Dieses Grundproblem trat und tritt in der Auseinandersetzung um die Einkommens- und Vermögensverhältnisse des Regierungsmitgliedes und stellvertretenden Parteivorsitzenden allerdings nicht klar zutage, sondern wird - teils bewußt, teils aus Unvermögen - von den Hauptakteuren fast ausschließlich unter Nebenaspekten mit wenig stichhaltigen Argumenten umgangen. Am Beispiel Androschs läßt sich daher so deutlich wie selten die Qualität der gegenwärtig in Österreich „gemachten“ Politik aufzeigen.

Ausgangspunkt war bekanntlich der für einen Sozialisten sicher unangenehme Vorwurf der großen Oppositionspartei, Androsch habe es im Zuge seiner Politkarriere auch zum Privatmillionär gebracht. Doch kaum war diesfes Thema, das allein zur Diskussion stand, angeschnitten, tauchte zur Entlastung ein alter Hut auf: die Privilegien der Beamten-Politiker.

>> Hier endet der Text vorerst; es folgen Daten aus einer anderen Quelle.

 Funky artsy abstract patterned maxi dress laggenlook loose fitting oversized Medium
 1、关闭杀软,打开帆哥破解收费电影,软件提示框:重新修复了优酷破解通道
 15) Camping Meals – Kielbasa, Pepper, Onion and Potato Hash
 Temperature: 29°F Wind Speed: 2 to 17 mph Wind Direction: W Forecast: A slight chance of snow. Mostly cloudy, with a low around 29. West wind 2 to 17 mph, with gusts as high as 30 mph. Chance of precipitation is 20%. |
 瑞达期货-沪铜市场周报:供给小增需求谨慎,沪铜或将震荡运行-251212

Nun kann man über die geltenden Vorschriften, denenzufolge Beamte der Bundesverwaltung (nicht auch Professoren oder Bedienstete anderer öffentlich-rechtlicher Körperschaften!), wenn sie in Organe der Bundesgesetzgebung gewählt werden, keinen Dienst versehen dürfen, ihre Gehälter aber weiter erhalten, durchaus verschiedener Meinung sein. Nur: Nach allen Regeln der Logik beweist der Fall

Androsch, daß auch Nichtbeamte als Abgeordnete oder Minister ihre Berufseinkommen weiter beziehen und sogar beträchtlich steigern!

Es ist eben ein Unterschied, ob ein Arzt in die Politik geht, dessen Praxis durch den damit verbundenen Zeitverlust eher negativ beeinflußt wird, oder ein Rechtsanwalt, Steuerberater öder anderer Freiberufler, dem politische Verbindungen unter Umständen sogar ungewollt von Nutzen sein können.

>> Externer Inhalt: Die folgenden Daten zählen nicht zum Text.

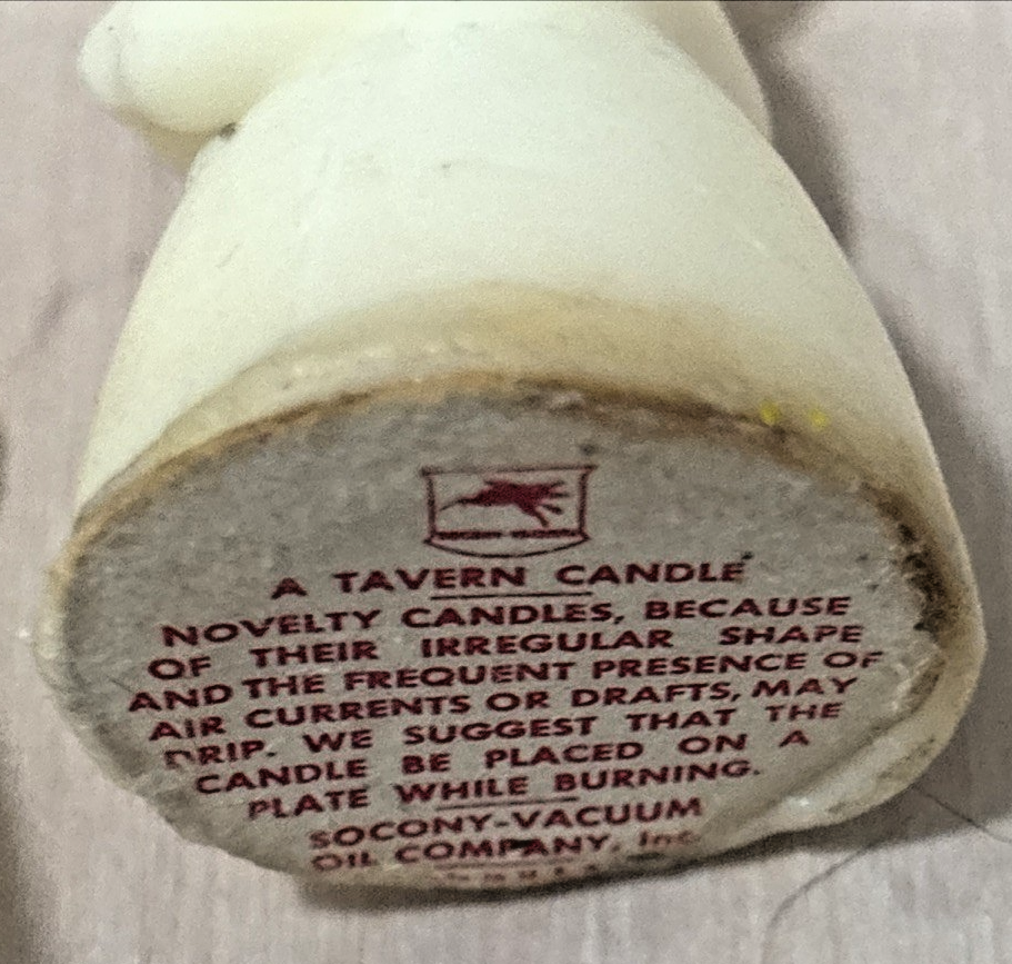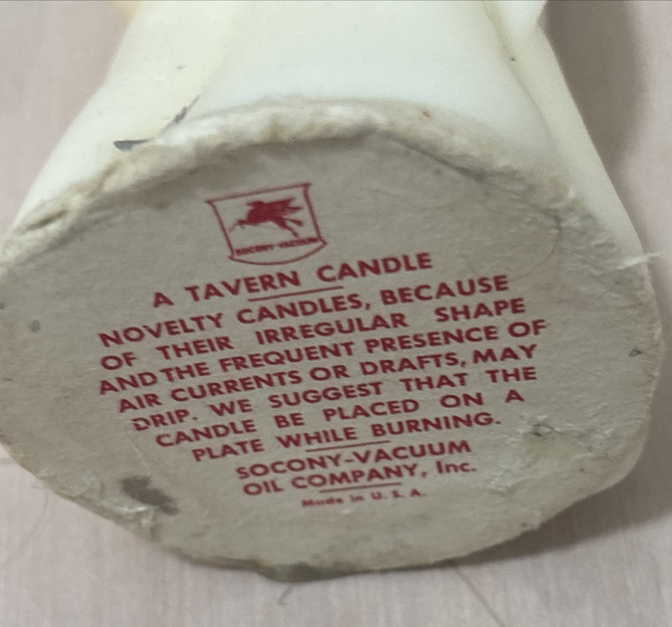 Some interesting background information: These candles were produced by the Socony-Vacuum Oil Company which is now Exxon Mobil. They were often sold at dime stores in the 1950's and were made from the excess paraffin from the oil refinery process.

Aber nicht nur das Rezept „Reden wir von etwas anderem“ wurde angewendet, sondern auch der Versuch, durch Übertreibung unangenehme Argumente ad absurdum zu führen. So etwa vernahm der staunende Österreicher, der Vorwurf einer Unvereinbarkeit des Amtes des Finanzministers mit dem Beruf eines Steuerberaters käme dem Ausschluß einer ganzen Berufsgruppe von politischen Funktionen gleich und erinnere an eine Art „Super-Radikalen-Erlaß“.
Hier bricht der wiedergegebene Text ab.